Mar 27, 2008, 1:47:26 PM3/27/08

to SwitchPipe

I have just deployed 7 rails applications using switchpipe onto a
Solaris 11 machine.

I now have a major problem where switchpipe just stops responding to
requests and i have to give it a "./script/switchpipe restart" to get
it going again. It seems to happen after a random amount of time,
1hr~3hours. It has never lasted more than 3 hours.

Has anybody come across this before?

Any help is greatly appreciated as I really want to use switchpipe.

Thanks
Chris

Peter Cooper

unread,

Mar 27, 2008, 2:46:59 PM3/27/08

to SwitchPipe

On Mar 27, 5:47 pm, ChrisR <EvilGeen...@gmail.com> wrote:
> I have just deployed 7 rails applications using switchpipe onto a
> Solaris 11 machine.
>
> I now have a major problem where switchpipe just stops responding to
> requests and i have to give it a "./script/switchpipe restart" to get
> it going again. It seems to happen after a random amount of time,
> 1hr~3hours. It has never lasted more than 3 hours.
>
> Has anybody come across this before?

This was a common issue prior to 1.04. I imagine you are running 1.04
or higher (trunk) though, which in my own tests has been running for
over a month now uninterrupted on one of my machine. Someone else has
reported the same issue with the trunk version, however, and it began
after they upgraded Apache. I'm still waiting for more information
from them so I can replicate this issue, but if you can provide more
info, it might help triangulate the issue :) Essentially.. I need to
know what's in front of your SwitchPipe? Apache? Nginx?

Once I can replicate the problem, it'll probably be a pretty easy fix.
The pre 1.04 issue was related to some UNIX quirks I wasn't taking
into account, so that could also be the issue here since I have not
extensively tested on anything else than BSD or Linux so far.

Cheers,
Pete

Jason Stirk

unread,

Mar 28, 2008, 12:14:12 AM3/28/08

to SwitchPipe

Ooh! My ears are burning!

I'm having a similar problem, but anywhere from a few hours to over 24. The last time I restarted I think it lasted about 8-10 hours (just had to restart then).

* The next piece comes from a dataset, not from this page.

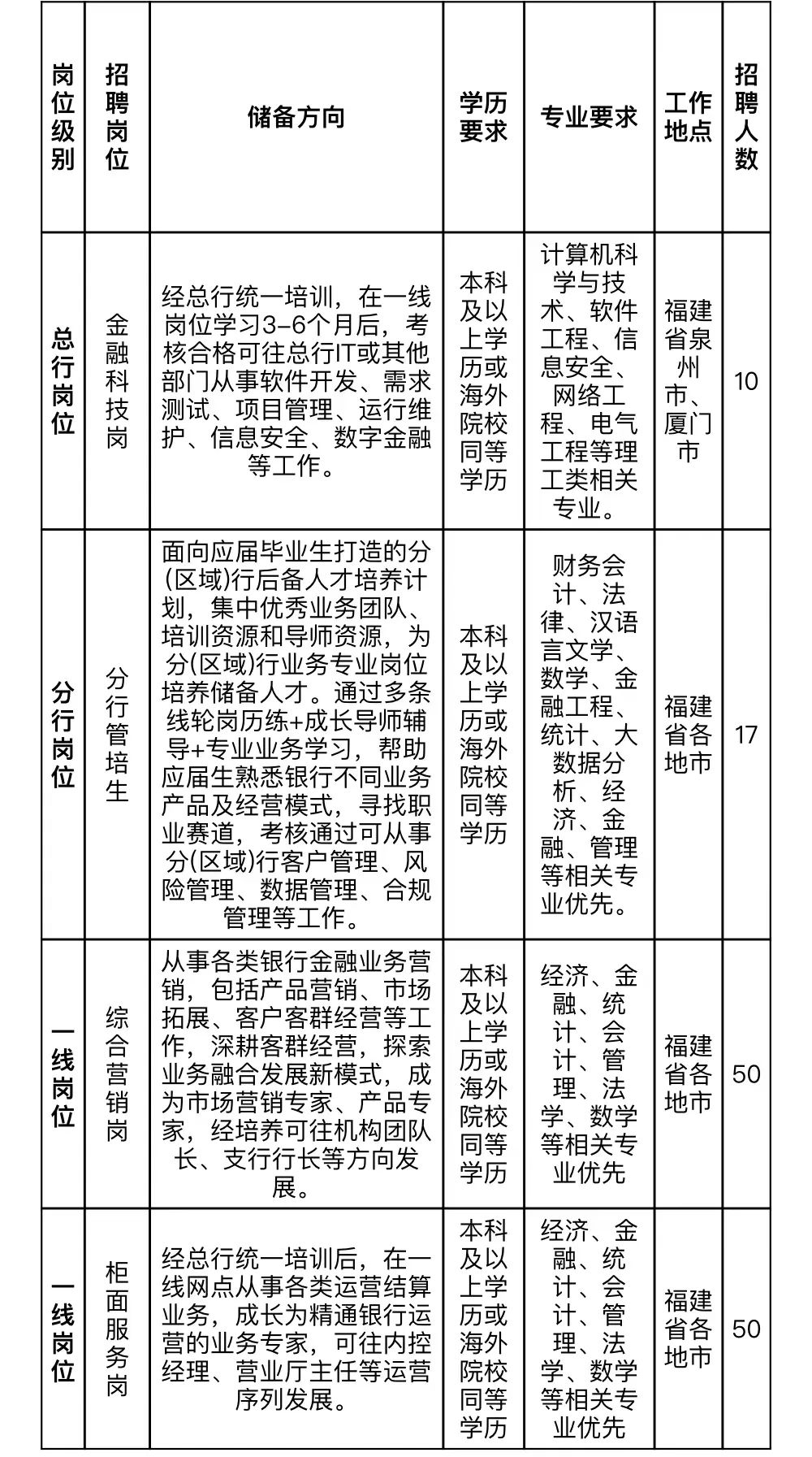 【就业指南】泉州银行股份有限公司2024校园招聘简章 一、企业简介 泉州银行成立于1997年6月,总行设于福建省泉州市,目前网点136家(含58家社区银行),实现福建省各地市全覆盖,形成以泉州为中心,福州、厦门为增长极,省内其他城市为支撑 的区域化发展格局。目前已启动上市筹备工作。 长期以来,泉州银行以“特色化、专业化的区域精品银行”为愿景,坚持城商行“三服务”定位,秉承“人本、诚信、创新、奋进”的核心价值观,倾力打造运营稳健、布局完善、专 业精深的商业银行。在全国范围内首创以无还本续贷为亮点的“无间贷”品牌,创新解决实体经济、中小微企业“融资难、融资贵、续贷难”问题,在全国产生广泛效应,连续多年上 榜英国《银行家》权威披露的“全球银行1000强”榜单、福建省纳税百强,近三年连续跻身福建服务业企业百强行列,品牌影响力稳步提升。 二、招聘岗位 01基本条件 (1)毕业时间:原则上境内高校应届毕业生应于2024年1月1日至2024年7月31日期间毕业,报到时应取得毕业证和学位证;境外院校应届毕业生应当在2023年8月1日至2024年7月31日期 间毕业,并在报到时提供国家教育部出具的学历(学位)认证。 (2)具备良好的心理素质及身体素质,具有较强的学习能力、沟通能力、团队意识和责任意识,具备良好的道德素养,无违规违纪违法等不良记录。 (3)符合监管要求亲属回避的有关规定。 (4)具体报名条件参照各岗位相关要求。 02岗位条件 03政策支持 根据党中央、国务院关于实施乡村振兴战略决策部署,以及人民银行、银保监会金融支持乡村振兴的相关政策,对满足以下任一条件的优秀贫困高校毕业生,同等条件下优先录用: ①持有户籍所在地民政局出具的城乡低保家庭证明; ②持有所在高校出具的已纳入贫困生库证明; ③获得国家励志奖学金或助学金; ④获得国家助学贷款。 04普惠金融客户经理(定向) (1)岗位职责 招录人员岗位定向为普惠金融客户经理,主要职责为:负责泉州银行普惠金融业务市场营销与拓展,对小微企业、个体工商户、一般自然人进行信贷调查、分析、评估与风控,开展普惠 金融信贷投放工作。 (2)岗位条件 ①统招本科(含)以上学历,条件优秀者可放宽至大专,2023届及2024届应届毕业生。 ②专业不限。 ③具备良好的心理素质及身体素质,具备较强的服务意识、团队意识、亲和力和沟通交流能力。 ④工作认真负责,具备较强的责任心、学习能力、拓展能力。 ⑤具备良好的道德素养,无违规违纪违法等不良记录。 (3)聘用形式 采用定向岗位、定向地点方式,岗位定向为普惠金融客户经理 三、报名方式及招聘流程 (一)报名方式 PC端:登录我行招聘门户 (http://boqzhaopin.zhiye.com/campus) 选择相应岗位进行报名。 移动端: ①关注“泉州银行人力资源在线”微信公众号→点击菜单栏“泉微招聘”→“2024校园招聘”完成在线投递。 ②扫描下方二维码快速投递简历 (二)招聘流程 网申→在线笔试→心理测评→多轮面试→体检→录用 (三)联系方式 官方网址:www.qzccbank.com 地址:泉州市丰泽区泉泰路266号 如有疑问可联系:周女士 联系电话:0595-22508226 邮箱:boq_zhaopin@163.com 四、其他说明 1. 应聘者应对申请资料和个人信息的真实性负责,并应如实注明个人奖惩记录,如有隐瞒或伪造,我行有权取消其录用资格。 2. 每位应聘者仅可报考一个岗位,请慎重选择。 3. 我行将通过招聘系统信息提示、手机短信及电子邮件等方式与应聘者联系,请确保您简历上的联系方式正确无误且保持通讯畅通。 4. 我行招聘不收取任何费用。 5. 如有其他问题欢迎扫描下方二维码关注官方微信平台“泉州银行人力资源在线”(微信号 boq_zhaopin)进行互动交流。 大数据学院办公室 2023年11月21日

This is happening on a Gentoo box (2.6.18-xen kernel), Ruby 1.8.6-111. I did notice that daemons gem I'm running is 1.0.9 vs. 1.0.10 which is latest. All other gems that the site asks to install are at their latest version.

Apache was a minor upgrade - it's now 2.2.8, and was formerly working well on 2.2.7(-something). I'm not certain that this is the cause, but it's one of the only things to have changed that I can think of.

I've just gone through and put in a bunch of logging requests throughout the code in the hope that one of them will lead me to where it's stalling. I'll keep you posted if I find anything interesting.

Best regards,
Jason

ChrisR

unread,

Mar 28, 2008, 6:36:30 AM3/28/08

to SwitchPipe

The Delegate proxy (http://www.delegate.org) is the only thing in
front of switchpipe. When it crashes, I can't even access it directly
(without going through the proxy).

Maybe you could give me a modified version of switchpipe.rb that
created a log file with more information, then I could give you back
the log file today after it hangs.

Thanks
Chris

ChrisR

unread,

Mar 28, 2008, 11:32:35 AM3/28/08

to SwitchPipe

I'm sure its probably nothing but it says :
VERSION = "1.03"

at the top of the switchpipe.rb in the trunk and in v1.04

Peter Cooper

unread,

Mar 31, 2008, 7:43:34 AM3/31/08

to SwitchPipe

Thanks for the extra updates. I'm travelling at Ruby conferences at
the moment but when I get back I'll rig up SwitchPipe with Apache 2 in
front of it (I have only used it with Apache 1.3) and see if I can
recreate some of these issues.

Cheers,
Pete

Jason Stirk

unread,

Mar 31, 2008, 8:03:36 AM3/31/08

to Peter Cooper, SwitchPipe

Pete,

Brief status report on my logging exercises. Last failure took about 48 hours to come about, which made it a bit slow to work out where it's dying.

Data was still coming in, but a backend instance was never getting launched. I've since added more logging in between the request coming in, and when it's processed in the hope of working out exactly where it's aborting.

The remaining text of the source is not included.